You are viewing a plain text version of this content. The canonical link for it is here.
Posted to httpclient-users@hc.apache.org by Ken Krugler <kk...@transpac.com> on 2009/12/03 04:15:59 UTC

Setting cookie policy with HttpClient 4.0

Below is an email from August 7th, which I'm reviving due to this  
becoming a bigger issue over in Bixo-land.

I've continued to run into this issue with my crawls, but so far I'm  
not doing anything with cookies, so it hasn't been a priority to track  
down.

However another Bixo user also runs into it, and he noticed that by  
switching back to HttpClient 4.0-beta3, the warnings went away.

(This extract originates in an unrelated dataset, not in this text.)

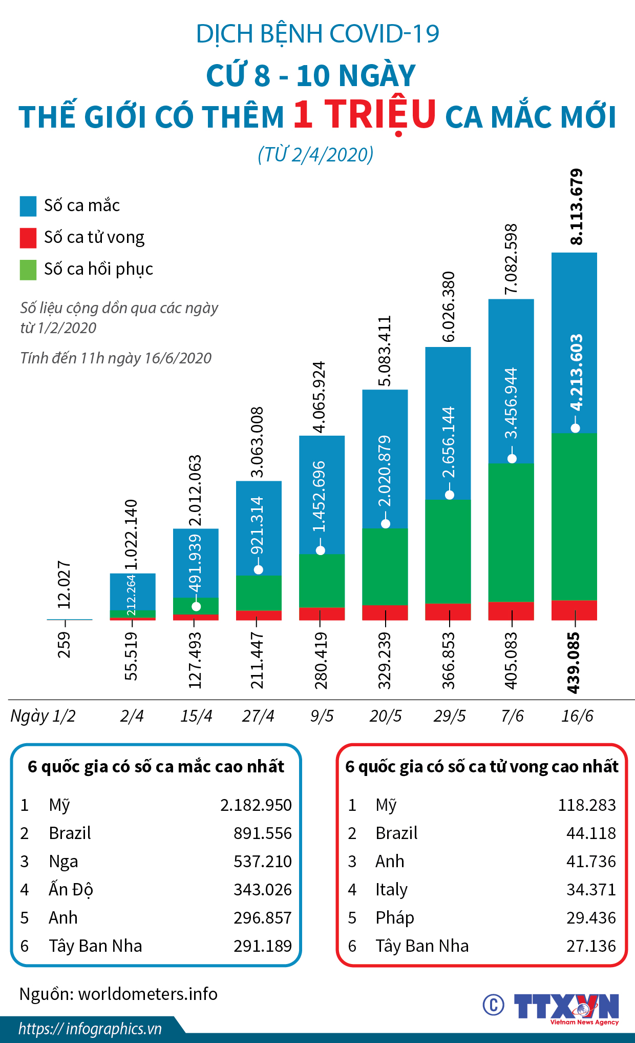 Trung bình từ 8-10 ngày, trên thế giới lại có thêm 1 triệu ca mắc mới dịch bệnh viêm đường hô hấp cấp COVID-19.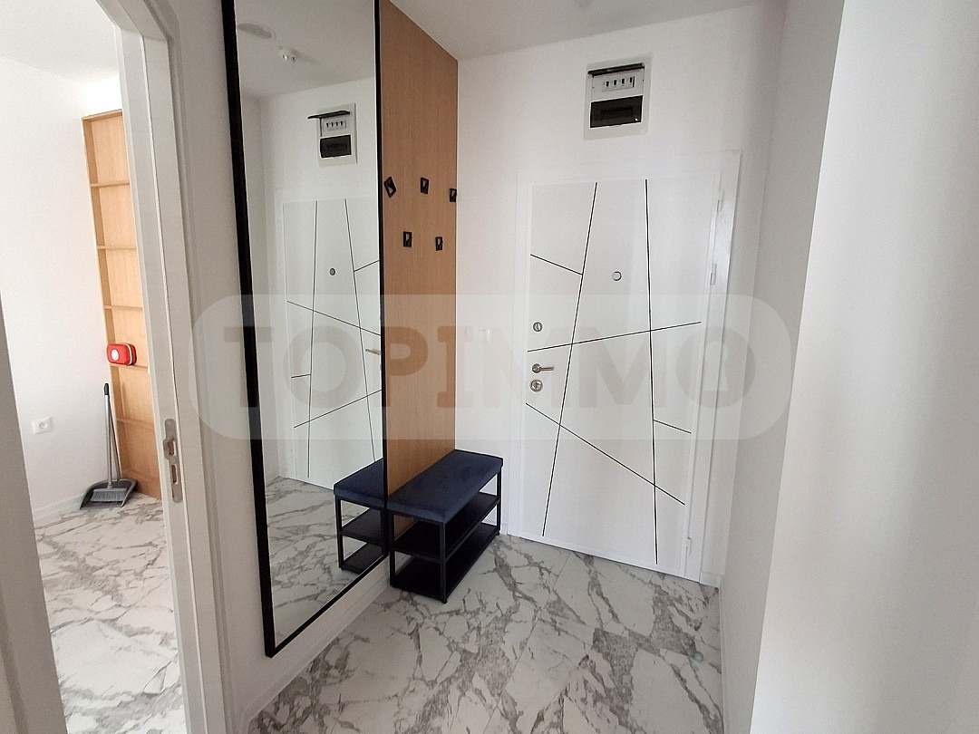 Апартаментът е разположен на седми етаж и предлага следното разпределение и характеристики:

I believe he just opened HTTPCLIENT-896 as a clone of HTTPCLIENT-773,  
which seemed to be this exact same bug (fixed by Oleg around 17/May/08).

I'm wondering if the bug crept back into the code sometime between  
then and the final release.

Thanks,

-- Ken

= 
= 
= 
= 
= 
= 
= 
= 
= 
= 
= 
= 
= 
= 
= 
= 
= 
= 
= 
= 
= 
= 
= 
= 
= 
= 
= 
= 
= 
= 
= 
= 
= 
= 
= 
= 
========================================================================

Hi all,

I'm seeing errors in my logs relating to parsing the expires date  
value in a cookie:

09/08/07 10:26:46 WARN protocol.ResponseProcessCookies:137 - Invalid  
cookie header: "Set-Cookie: IU=deleted; expires=Thu, 07 Aug 2008  
17:26:45 GMT; path=/; domain=.yahoo.com". Unable to parse expires  
attribute: Thu, 07 Aug 2008 17:26:45 GMT

I looked through the HtttpClient source, and it seems like if I've set  
up my cookie policy properly, the above date would be parsed properly.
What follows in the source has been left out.